|
|
|
|
|
by wakawaka28
332 days ago
|
|
It's safe to say that everyone you meet knows something you don't, regardless of background. But in the context of this discussion, it is pretty obvious that self-taught people on average have nowhere near the hundreds of hours of experience solving theoretical problems. Not having that background will actually set people back when it comes to solving hard problems that occasionally (or often) arise. Watching self-taught programmers talk smack about degreed professionals is like watching a couch potato make sweeping generalizations about how sedentary people who don't go to the gym are more physically capable than people who do, because the people who don't are not limited to performing certain exercises. |
|
First let me say I definitely value the hundreds of hours you would have spent on hard theoretical problems and while I wasn’t exposed to your curriculum, I regret I don’t have that.
However, I myself have definitely spent a substantial number of hours on distributed algorithms that were only available as published research (didn’t have a choice and that understanding I gained has been proven out), and my extended family is filled with PhDs, so I’ve been casually reading research papers since I was in my teens, this didn’t seem weird. A lot of my peers with and without degrees didn’t engage in this practice.

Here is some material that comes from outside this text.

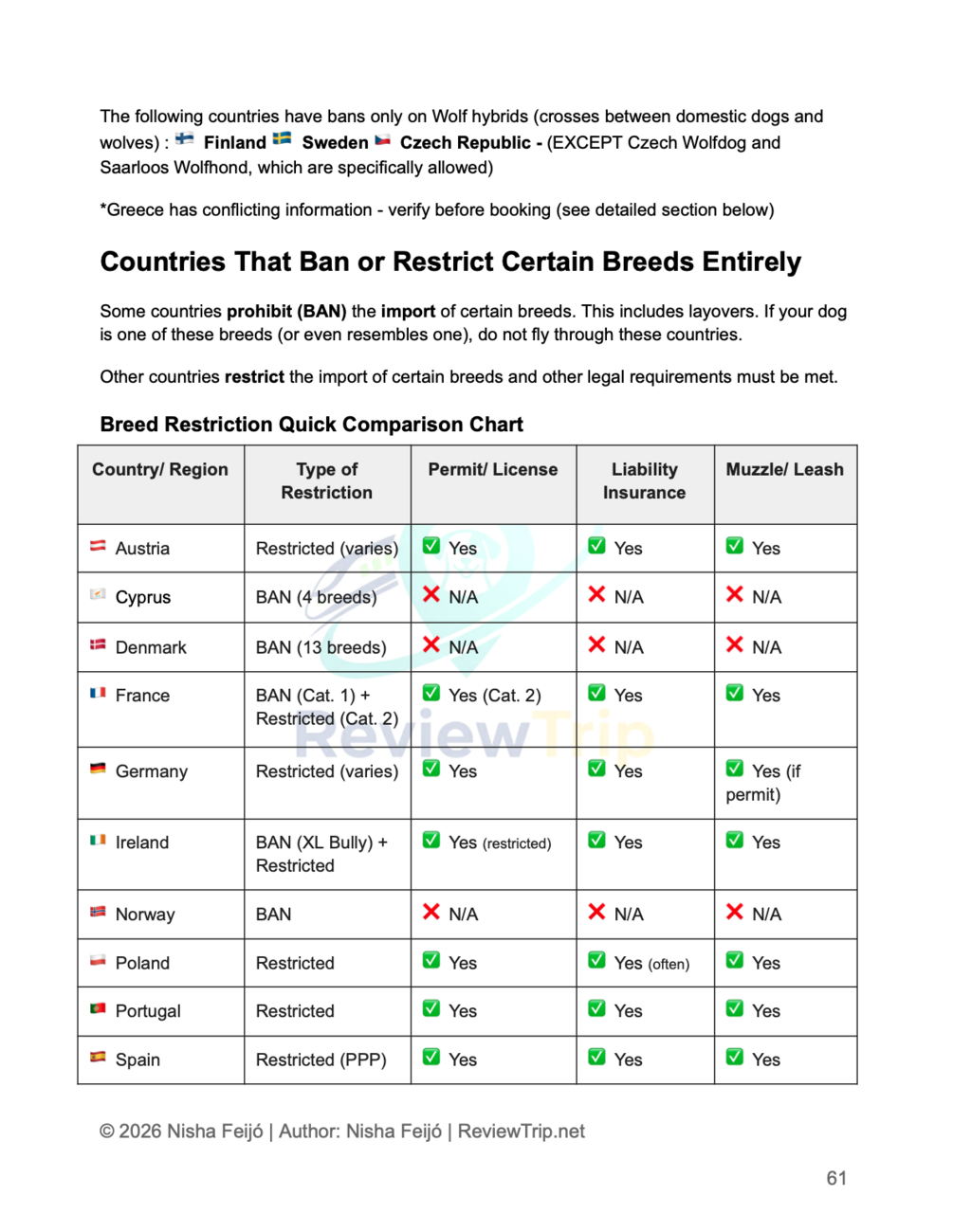 - Breed restriction guide for 30+ countries
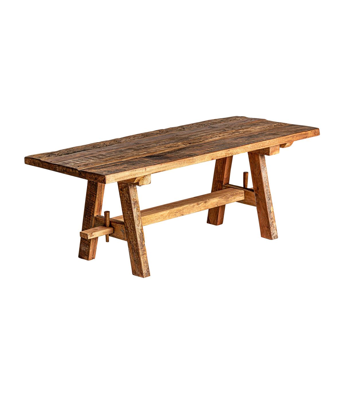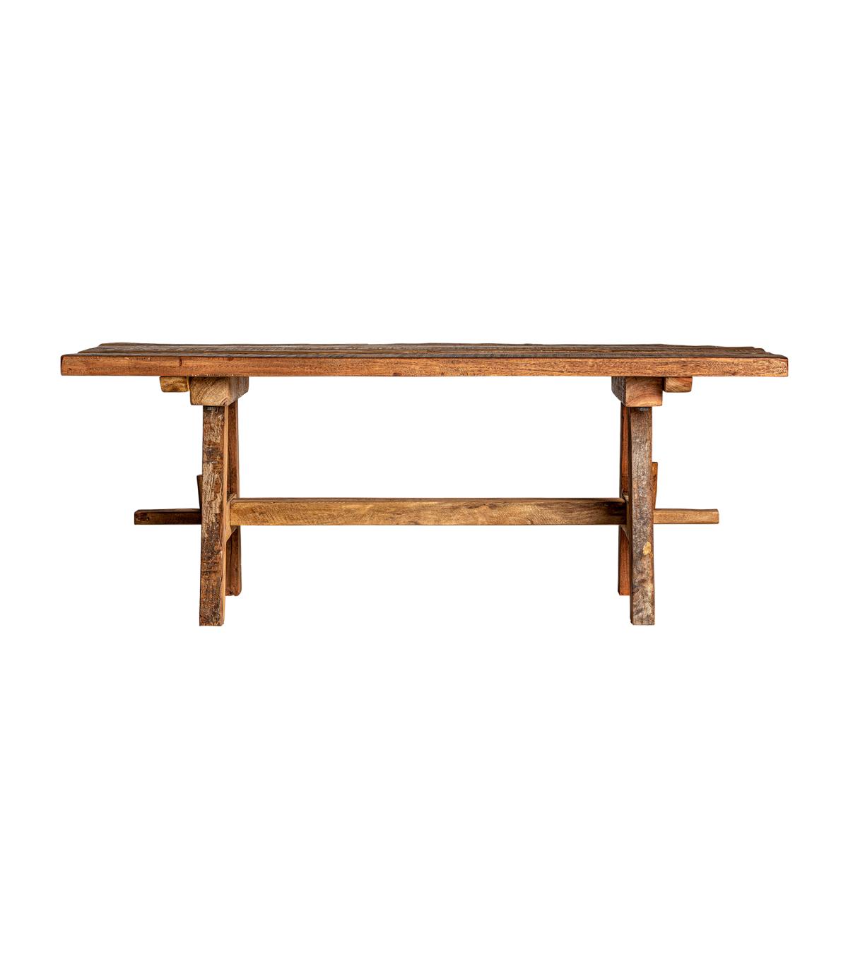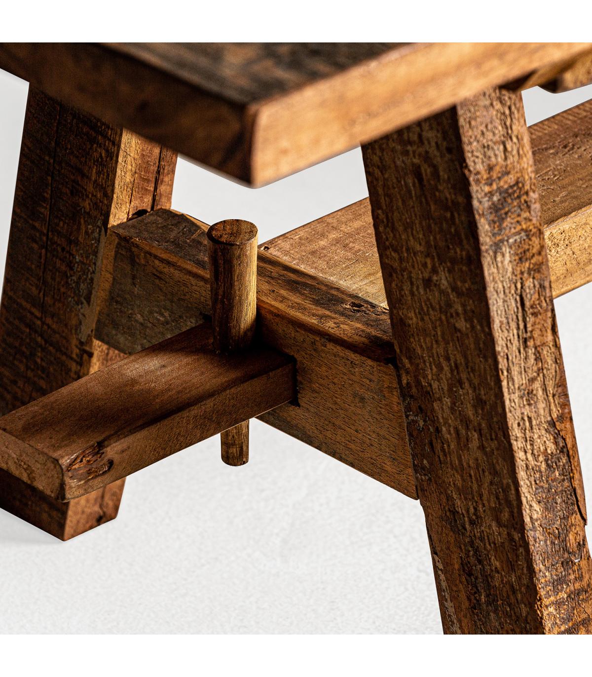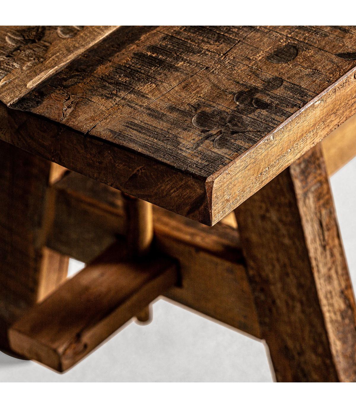 Banco badai en color natural envejecido de estilo étnico. Fabricado en madera de mango reciclada. Producto desmontable.

To explain further, I’ve also spent I can’t even tell you how much time on benchmarking and establishing performance bottlenecks and near as I can tell, no one has in university, or at least they’re not teaching it well enough, because it is shocking how badly this part of performance is understood. Let’s call it applied practical performance enhancement of software deployments.
In the end, I just can’t fully be in board with what you’re saying. Yes I wish I had that degree nowadays and I wish I could take 4 years out and go back and do it again. But I seriously did gain a lot of valuable experience that was hard won with that extra time and near as I can tell is super duper rare, especially because people keep hiring me for it.